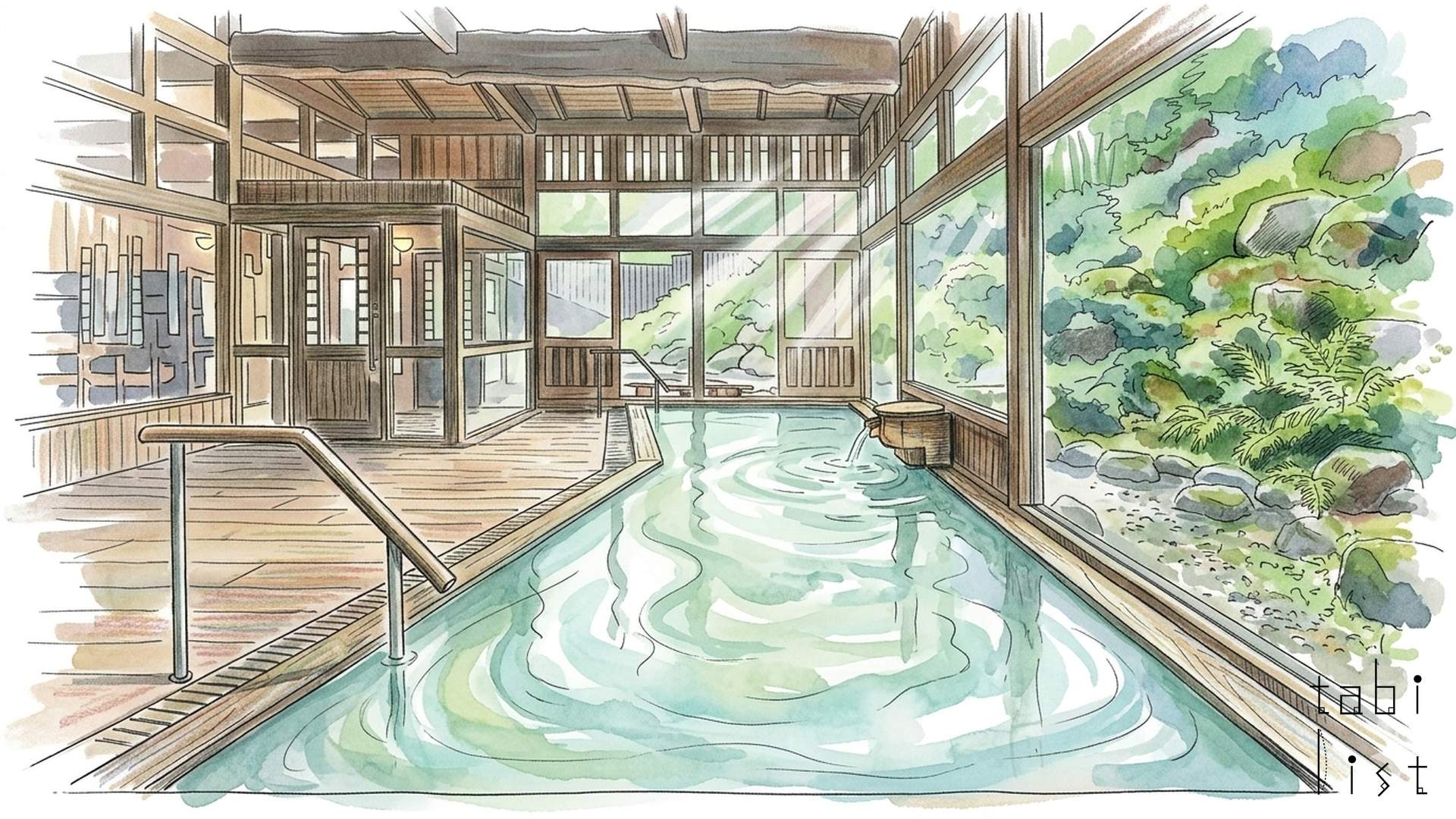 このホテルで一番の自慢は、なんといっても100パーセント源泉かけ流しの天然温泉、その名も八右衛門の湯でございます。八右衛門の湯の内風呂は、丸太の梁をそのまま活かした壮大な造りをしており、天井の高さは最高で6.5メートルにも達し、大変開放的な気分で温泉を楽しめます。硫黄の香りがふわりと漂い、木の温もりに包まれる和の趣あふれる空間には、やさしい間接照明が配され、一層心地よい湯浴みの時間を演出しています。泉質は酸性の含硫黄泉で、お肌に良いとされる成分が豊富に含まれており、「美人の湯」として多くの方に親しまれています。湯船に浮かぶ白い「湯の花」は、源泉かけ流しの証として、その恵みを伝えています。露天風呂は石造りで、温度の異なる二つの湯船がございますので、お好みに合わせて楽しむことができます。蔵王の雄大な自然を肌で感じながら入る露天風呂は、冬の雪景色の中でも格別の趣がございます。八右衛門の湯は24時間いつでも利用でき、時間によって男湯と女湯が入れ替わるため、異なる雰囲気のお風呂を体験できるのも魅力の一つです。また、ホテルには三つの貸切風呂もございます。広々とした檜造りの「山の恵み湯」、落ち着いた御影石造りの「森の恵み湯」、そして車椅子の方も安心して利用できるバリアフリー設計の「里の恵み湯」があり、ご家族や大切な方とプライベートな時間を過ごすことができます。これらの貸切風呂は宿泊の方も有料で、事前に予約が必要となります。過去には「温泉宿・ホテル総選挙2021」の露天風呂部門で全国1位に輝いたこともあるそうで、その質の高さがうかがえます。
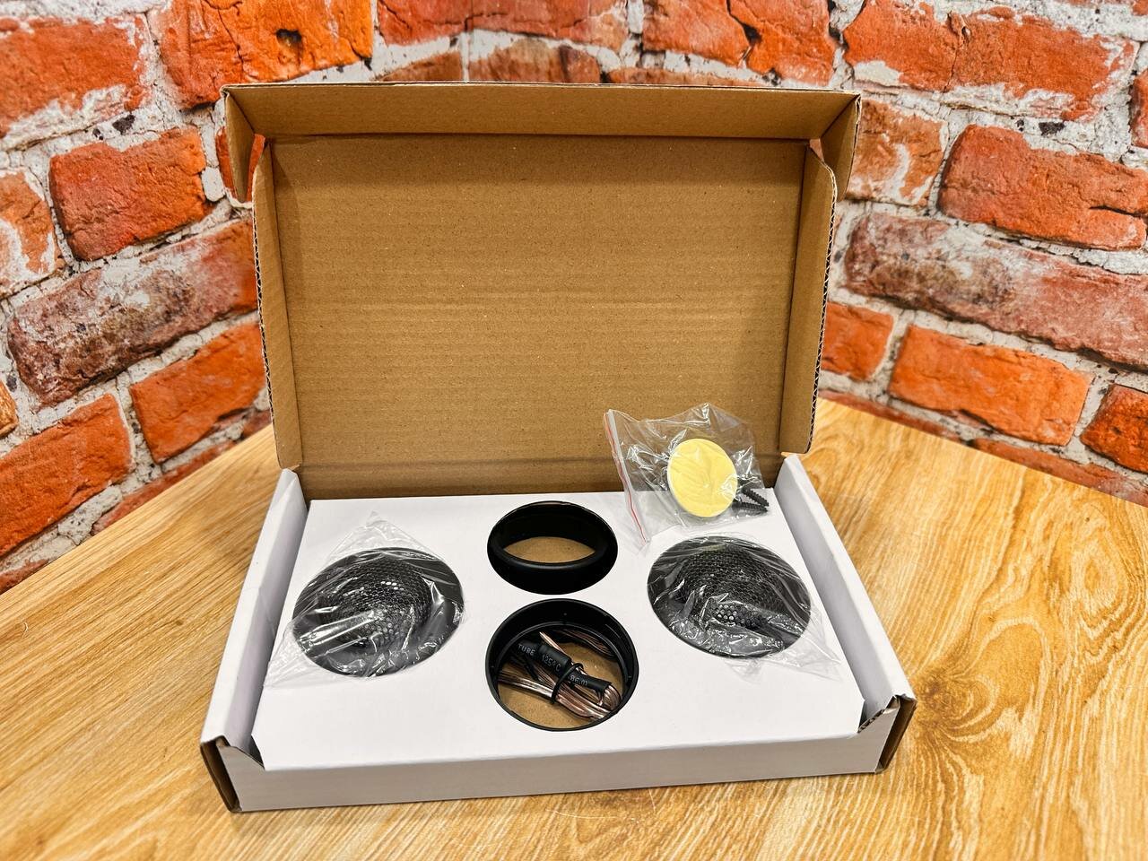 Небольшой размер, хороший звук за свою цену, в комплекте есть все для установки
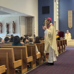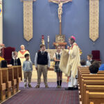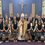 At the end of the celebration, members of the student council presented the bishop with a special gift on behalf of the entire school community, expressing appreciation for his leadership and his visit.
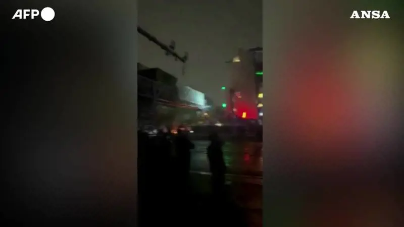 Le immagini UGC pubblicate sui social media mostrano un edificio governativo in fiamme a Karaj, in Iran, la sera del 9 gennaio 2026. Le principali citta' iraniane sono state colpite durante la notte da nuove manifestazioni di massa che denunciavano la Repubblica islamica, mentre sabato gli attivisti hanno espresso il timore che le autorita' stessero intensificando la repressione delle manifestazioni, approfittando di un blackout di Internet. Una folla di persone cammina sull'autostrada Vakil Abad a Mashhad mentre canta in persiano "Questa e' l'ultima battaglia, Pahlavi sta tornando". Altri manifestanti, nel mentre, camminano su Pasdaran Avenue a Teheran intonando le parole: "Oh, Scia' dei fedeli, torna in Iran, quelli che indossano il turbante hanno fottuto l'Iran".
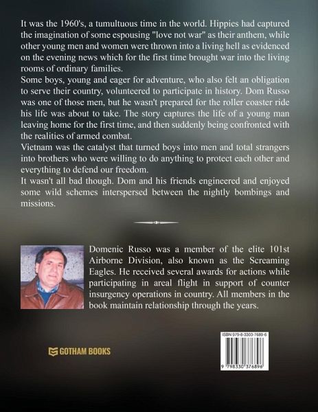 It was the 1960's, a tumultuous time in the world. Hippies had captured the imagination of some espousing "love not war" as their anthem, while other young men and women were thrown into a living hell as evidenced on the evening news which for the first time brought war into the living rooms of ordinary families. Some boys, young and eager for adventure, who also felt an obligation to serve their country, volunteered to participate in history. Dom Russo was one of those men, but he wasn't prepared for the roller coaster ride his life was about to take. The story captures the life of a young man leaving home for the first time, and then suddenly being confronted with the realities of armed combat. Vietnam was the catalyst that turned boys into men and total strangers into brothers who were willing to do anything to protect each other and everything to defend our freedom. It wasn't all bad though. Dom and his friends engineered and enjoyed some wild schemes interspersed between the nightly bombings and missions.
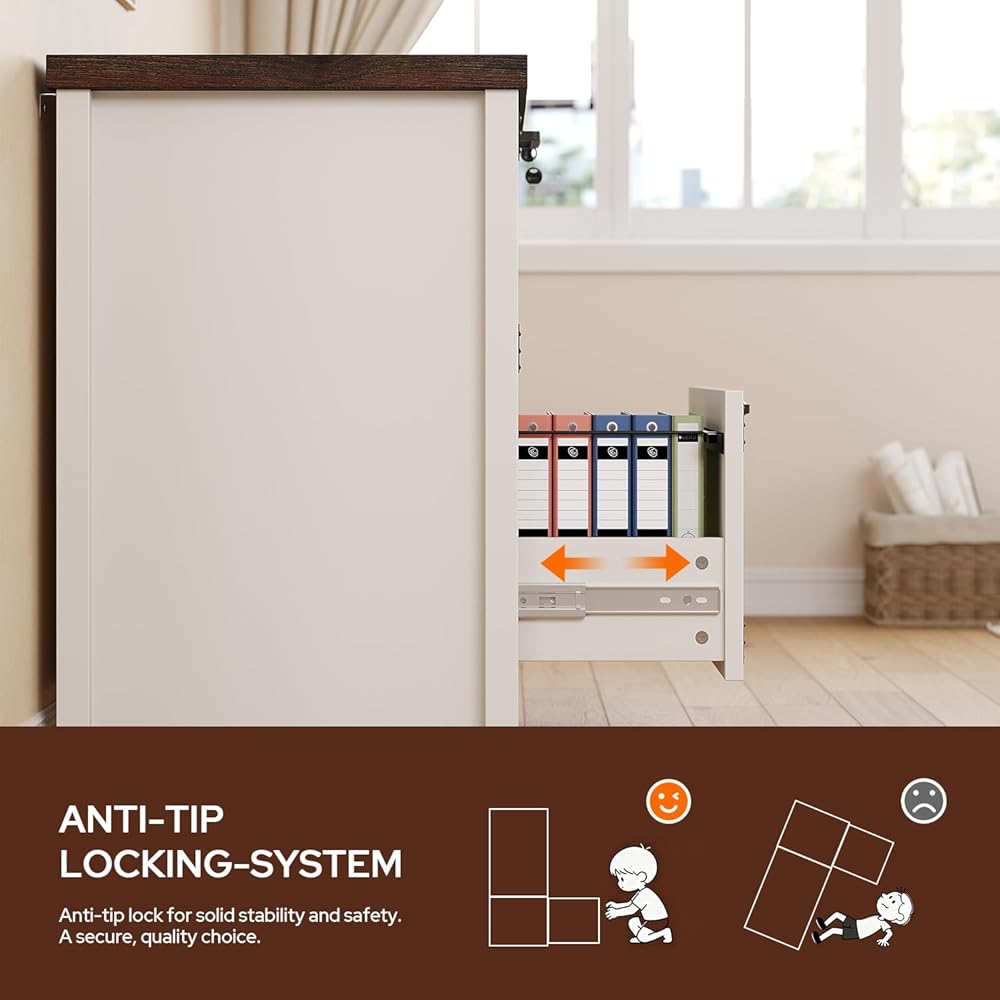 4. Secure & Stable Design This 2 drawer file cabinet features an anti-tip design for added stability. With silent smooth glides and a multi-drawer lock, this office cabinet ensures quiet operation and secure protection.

———

Word for word, return the entries above, but without any pictures.

**Reply to the exercise**
 このホテルで一番の自慢は、なんといっても100パーセント源泉かけ流しの天然温泉、その名も八右衛門の湯でございます。八右衛門の湯の内風呂は、丸太の梁をそのまま活かした壮大な造りをしており、天井の高さは最高で6.5メートルにも達し、大変開放的な気分で温泉を楽しめます。硫黄の香りがふわりと漂い、木の温もりに包まれる和の趣あふれる空間には、やさしい間接照明が配され、一層心地よい湯浴みの時間を演出しています。泉質は酸性の含硫黄泉で、お肌に良いとされる成分が豊富に含まれており、「美人の湯」として多くの方に親しまれています。湯船に浮かぶ白い「湯の花」は、源泉かけ流しの証として、その恵みを伝えています。露天風呂は石造りで、温度の異なる二つの湯船がございますので、お好みに合わせて楽しむことができます。蔵王の雄大な自然を肌で感じながら入る露天風呂は、冬の雪景色の中でも格別の趣がございます。八右衛門の湯は24時間いつでも利用でき、時間によって男湯と女湯が入れ替わるため、異なる雰囲気のお風呂を体験できるのも魅力の一つです。また、ホテルには三つの貸切風呂もございます。広々とした檜造りの「山の恵み湯」、落ち着いた御影石造りの「森の恵み湯」、そして車椅子の方も安心して利用できるバリアフリー設計の「里の恵み湯」があり、ご家族や大切な方とプライベートな時間を過ごすことができます。これらの貸切風呂は宿泊の方も有料で、事前に予約が必要となります。過去には「温泉宿・ホテル総選挙2021」の露天風呂部門で全国1位に輝いたこともあるそうで、その質の高さがうかがえます。
 Небольшой размер, хороший звук за свою цену, в комплекте есть все для установки
 At the end of the celebration, members of the student council presented the bishop with a special gift on behalf of the entire school community, expressing appreciation for his leadership and his visit.
 Le immagini UGC pubblicate sui social media mostrano un edificio governativo in fiamme a Karaj, in Iran, la sera del 9 gennaio 2026. Le principali citta' iraniane sono state colpite durante la notte da nuove manifestazioni di massa che denunciavano la Repubblica islamica, mentre sabato gli attivisti hanno espresso il timore che le autorita' stessero intensificando la repressione delle manifestazioni, approfittando di un blackout di Internet. Una folla di persone cammina sull'autostrada Vakil Abad a Mashhad mentre canta in persiano "Questa e' l'ultima battaglia, Pahlavi sta tornando". Altri manifestanti, nel mentre, camminano su Pasdaran Avenue a Teheran intonando le parole: "Oh, Scia' dei fedeli, torna in Iran, quelli che indossano il turbante hanno fottuto l'Iran".
 It was the 1960's, a tumultuous time in the world. Hippies had captured the imagination of some espousing "love not war" as their anthem, while other young men and women were thrown into a living hell as evidenced on the evening news which for the first time brought war into the living rooms of ordinary families. Some boys, young and eager for adventure, who also felt an obligation to serve their country, volunteered to participate in history. Dom Russo was one of those men, but he wasn't prepared for the roller coaster ride his life was about to take. The story captures the life of a young man leaving home for the first time, and then suddenly being confronted with the realities of armed combat. Vietnam was the catalyst that turned boys into men and total strangers into brothers who were willing to do anything to protect each other and everything to defend our freedom. It wasn't all bad though. Dom and his friends engineered and enjoyed some wild schemes interspersed between the nightly bombings and missions.
 4. Secure & Stable Design This 2 drawer file cabinet features an anti-tip design for added stability. With silent smooth glides and a multi-drawer lock, this office cabinet ensures quiet operation and secure protection.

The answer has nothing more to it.